Do all viruses complete their replication cycle in the cytoplasm of the cell?
No. Some do, others move into the nucleus to replicate.
Most DNA viruses enter the nucleus. True/False
True. They will parasitize the host cells DNA replication apparatus. Smallpox is an exception. This DNA virus encodes its own DNA replication machinery and remains in the cytoplasm.
Most RNA viruses replicate in the cytoplasm.
Once the nucleocapsid of a double stranded DNA virus(dsDNA) enters into the cell, where does it go?
It proceeds to the nucleus where it will mimic the genome of the host cell.
How is the viral genome replicated with a dsDNA strand?
It is replicated by using the host cell DNA polymerase, and the viral genome is transcribed by the host cell RNA polymerase.
What happens eventually to the resulting transcripts carrying information encoding the viral proteins?
They are transported to the cytoplasm and seen as a template by the host cell ribosomes.
How will some of these newly synthesized viral proteins be used?
They will form the protein capsid around the newly replicated viral DNA molecules. They will be released from the cell, and target other host cells to trigger new infections.
The enzymes of DNA replication are usually not expressed in quiescent cells. True/False
True. These cells are categorized as cells in G(0). Most of the cells that are infected will be in G(0) and are unwelcoming hosts.
List two dsDNA viruses that have genomes greater than 60 genes.
Herpes
Epstein-Barr virus.
However, these viruses can encode their own DNA polymerase and secure their ability to replicate in quiescent cells.
Aside from some viruses encoding their own DNA polymerase, how might other viruses get around this problem?
Some viruses produce a protein that induces the resting host cell to enter the active cell cycle. At this point, the replication enzymes are available for exploitation and continued reproduction of the virus.

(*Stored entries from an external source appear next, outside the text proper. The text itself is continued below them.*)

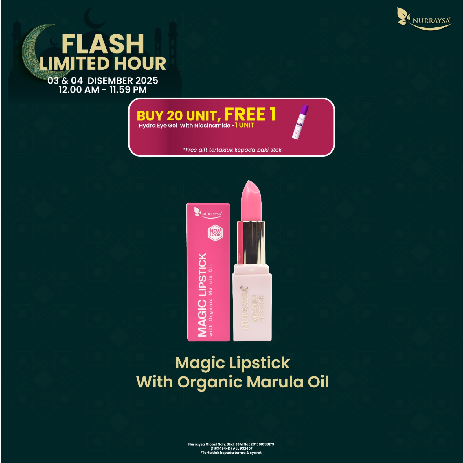 Promosi Produk Pilihan Halal 11 Nov-09 Dis : 20 Unit Magic Lipstick with Marula Oil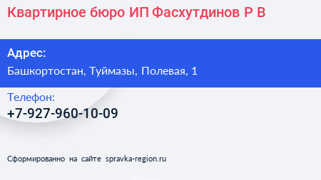 Квартирное бюро, ИП Фасхутдинов Р.В. по адресу Башкортостан, Туймазы, Полевая, 1 в дальнейшем Организация, размещена в следующих категориях: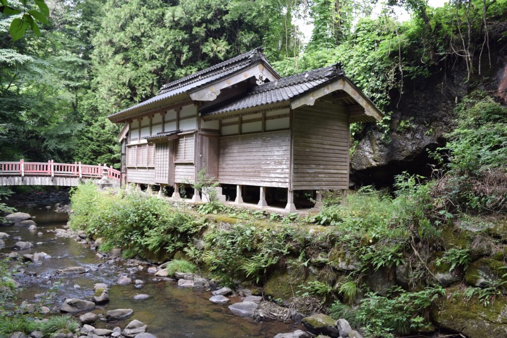 その能登町の当目には、岩井戸神社が建っている。ここも山深い場所で、輪島市との境に近い。この岩井戸神社の境内に岩屋堂と呼ばれる洞窟がある。この洞窟は能登半島の北側、日本海と繋がっているといわれ、内部で潮の干満があり、イカが浮かんでくることもあったと伝えられる。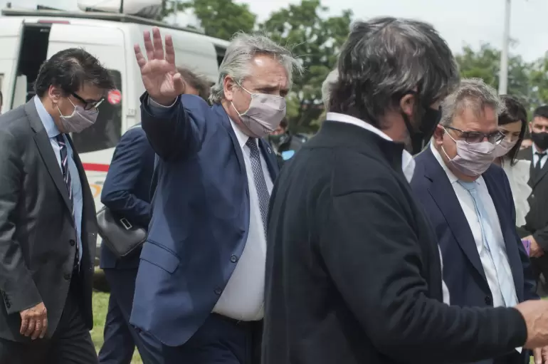 Previo a la conferencia que se transmitió en vivo por las redes sociales oficiales, Fernández saludó a los mandatarios presentes y a la prensa, que desde temprano esperó la orden para poder ingresar.

Considering that some viruses may induce cells into the active cell cycle, can this cause a cellular transformation?
Possibly. This process converts the host cell growth from a normal pattern to a pattern more in line with a cancer cell. In fact, the gene that encodes this growth promoting protein can function as an oncogene that acts to transform the infected cell into a cancer cell.

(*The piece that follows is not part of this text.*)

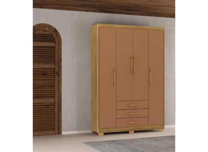Guarda Roupa Espanha 4 Portas e 3 Gavetas - Cor Nature / Camarim - Vila Rica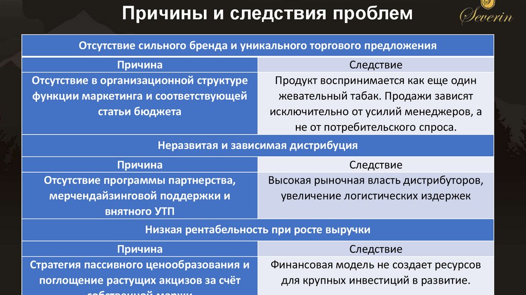 Причины и следствия проблемОтсутствие сильного бренда и уникального торгового предложения

Over 90% of human cervical carcinomas are associated with infection by human papilloma virus. True/False
True. The viral genome must perpetuate itself so when the original cell divides into many cells, each new cell has the virus and the viral growth promoting protein.
There is a strong association between the EBV and Burkitt's lymphoma. True/False
True. Burkitt's lymphoma is seen in central Africa as a childhood tumor. These tumors are inadvertent by-products of the need to replicate viral DNA.
Concerning Burkitt's lymphoma from the EBV, why does the actual outgrowth of tumors occur?
This happens when virus infected cells are not fully eliminated by the completion of the viral lytic cycle.